*What you need to do:* Everything in the data must be repeated exactly, apart from the pictures, which are left out.

*Given information:*
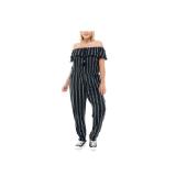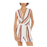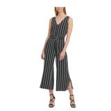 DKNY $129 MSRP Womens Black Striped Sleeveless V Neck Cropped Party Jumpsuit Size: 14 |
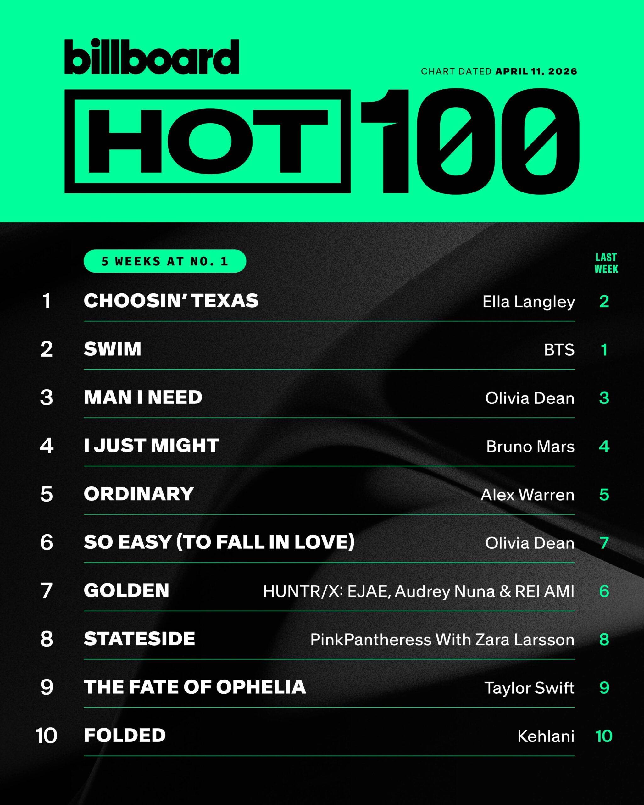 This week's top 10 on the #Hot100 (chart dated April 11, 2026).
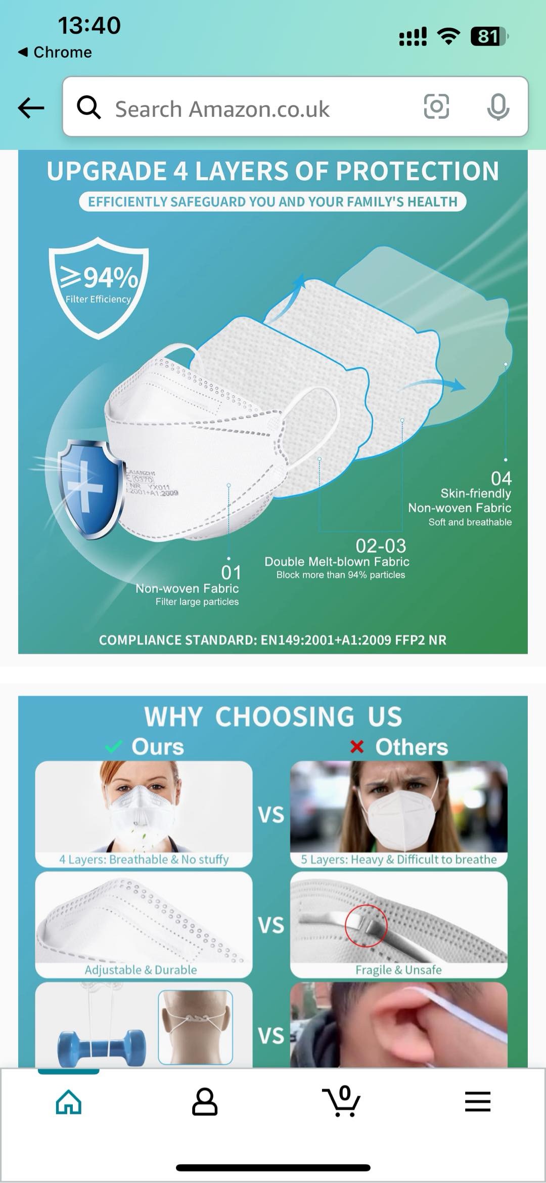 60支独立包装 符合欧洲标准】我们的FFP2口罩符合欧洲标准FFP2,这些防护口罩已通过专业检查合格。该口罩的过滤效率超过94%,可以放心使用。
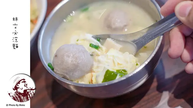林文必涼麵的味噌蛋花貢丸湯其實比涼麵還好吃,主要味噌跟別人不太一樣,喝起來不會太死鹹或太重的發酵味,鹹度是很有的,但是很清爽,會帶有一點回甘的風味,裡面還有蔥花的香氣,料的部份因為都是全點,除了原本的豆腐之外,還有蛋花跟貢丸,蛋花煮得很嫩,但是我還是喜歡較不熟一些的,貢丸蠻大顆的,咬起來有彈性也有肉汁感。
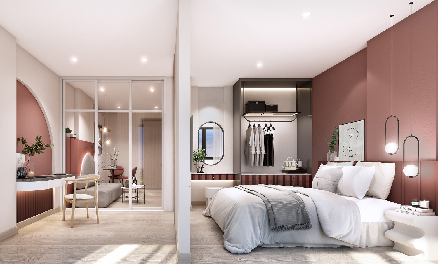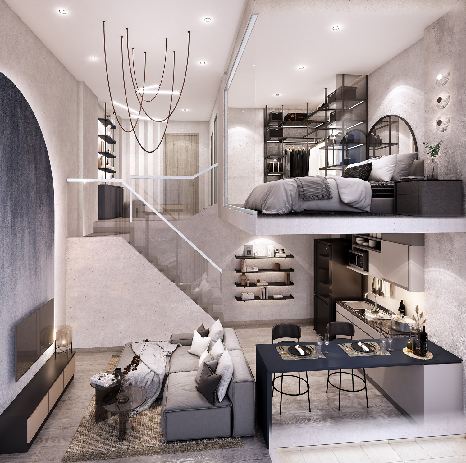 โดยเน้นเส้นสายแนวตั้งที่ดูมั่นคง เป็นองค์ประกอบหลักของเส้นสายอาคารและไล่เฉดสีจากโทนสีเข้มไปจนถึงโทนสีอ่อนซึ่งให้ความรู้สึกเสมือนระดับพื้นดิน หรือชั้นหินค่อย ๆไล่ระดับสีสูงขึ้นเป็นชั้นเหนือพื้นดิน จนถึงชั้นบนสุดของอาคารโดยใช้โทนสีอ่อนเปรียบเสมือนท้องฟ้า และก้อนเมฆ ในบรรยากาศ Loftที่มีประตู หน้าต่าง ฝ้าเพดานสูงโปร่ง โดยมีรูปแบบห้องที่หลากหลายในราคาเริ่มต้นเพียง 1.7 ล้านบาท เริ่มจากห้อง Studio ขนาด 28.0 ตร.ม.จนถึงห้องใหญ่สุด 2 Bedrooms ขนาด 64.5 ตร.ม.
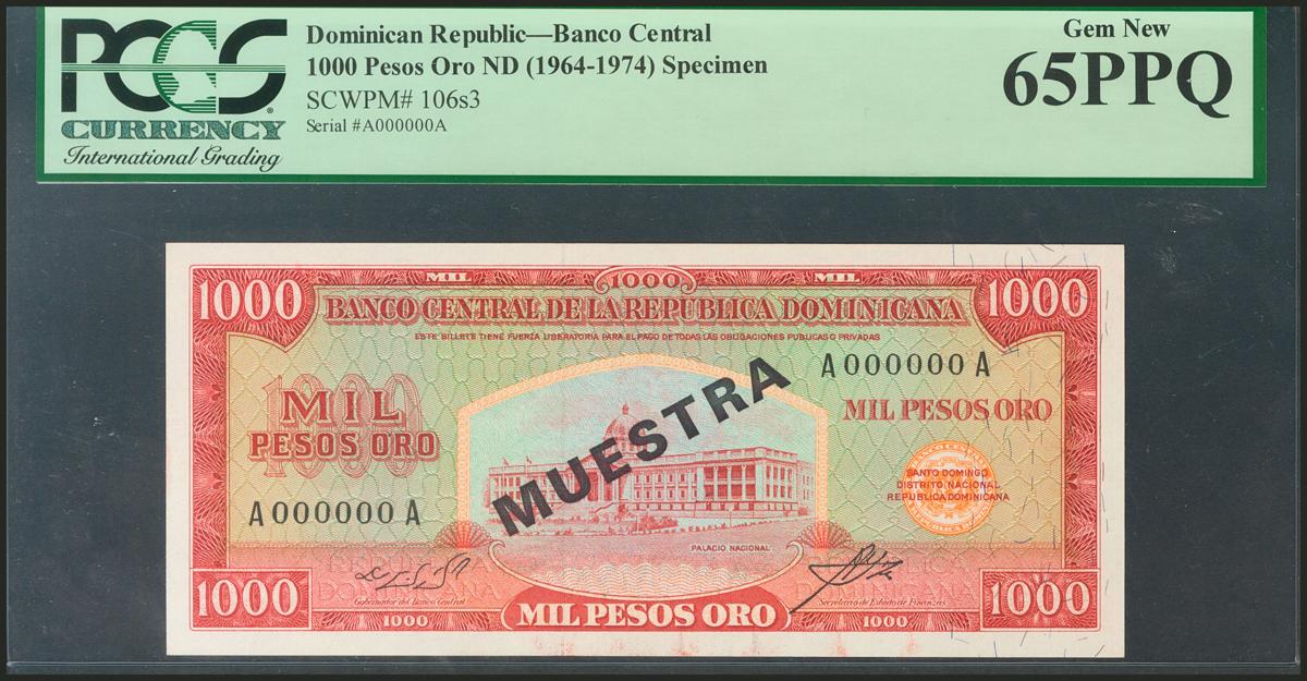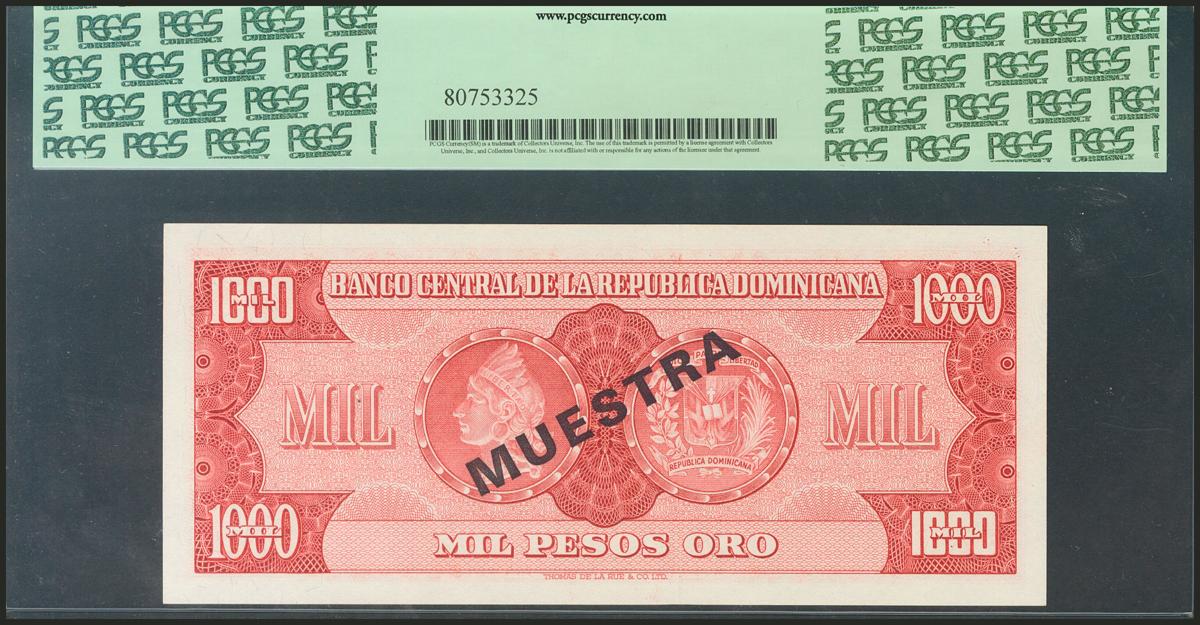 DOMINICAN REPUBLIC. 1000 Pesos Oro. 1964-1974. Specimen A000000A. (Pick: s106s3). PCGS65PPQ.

*Solved exercise:*
 DKNY $129 MSRP Womens Black Striped Sleeveless V Neck Cropped Party Jumpsuit Size: 14 |
 This week's top 10 on the #Hot100 (chart dated April 11, 2026).
 60支独立包装 符合欧洲标准】我们的FFP2口罩符合欧洲标准FFP2,这些防护口罩已通过专业检查合格。该口罩的过滤效率超过94%,可以放心使用。
林文必涼麵的味噌蛋花貢丸湯其實比涼麵還好吃,主要味噌跟別人不太一樣,喝起來不會太死鹹或太重的發酵味,鹹度是很有的,但是很清爽,會帶有一點回甘的風味,裡面還有蔥花的香氣,料的部份因為都是全點,除了原本的豆腐之外,還有蛋花跟貢丸,蛋花煮得很嫩,但是我還是喜歡較不熟一些的,貢丸蠻大顆的,咬起來有彈性也有肉汁感。
 โดยเน้นเส้นสายแนวตั้งที่ดูมั่นคง เป็นองค์ประกอบหลักของเส้นสายอาคารและไล่เฉดสีจากโทนสีเข้มไปจนถึงโทนสีอ่อนซึ่งให้ความรู้สึกเสมือนระดับพื้นดิน หรือชั้นหินค่อย ๆไล่ระดับสีสูงขึ้นเป็นชั้นเหนือพื้นดิน จนถึงชั้นบนสุดของอาคารโดยใช้โทนสีอ่อนเปรียบเสมือนท้องฟ้า และก้อนเมฆ ในบรรยากาศ Loftที่มีประตู หน้าต่าง ฝ้าเพดานสูงโปร่ง โดยมีรูปแบบห้องที่หลากหลายในราคาเริ่มต้นเพียง 1.7 ล้านบาท เริ่มจากห้อง Studio ขนาด 28.0 ตร.ม.จนถึงห้องใหญ่สุด 2 Bedrooms ขนาด 64.5 ตร.ม.
 DOMINICAN REPUBLIC. 1000 Pesos Oro. 1964-1974. Specimen A000000A. (Pick: s106s3). PCGS65PPQ.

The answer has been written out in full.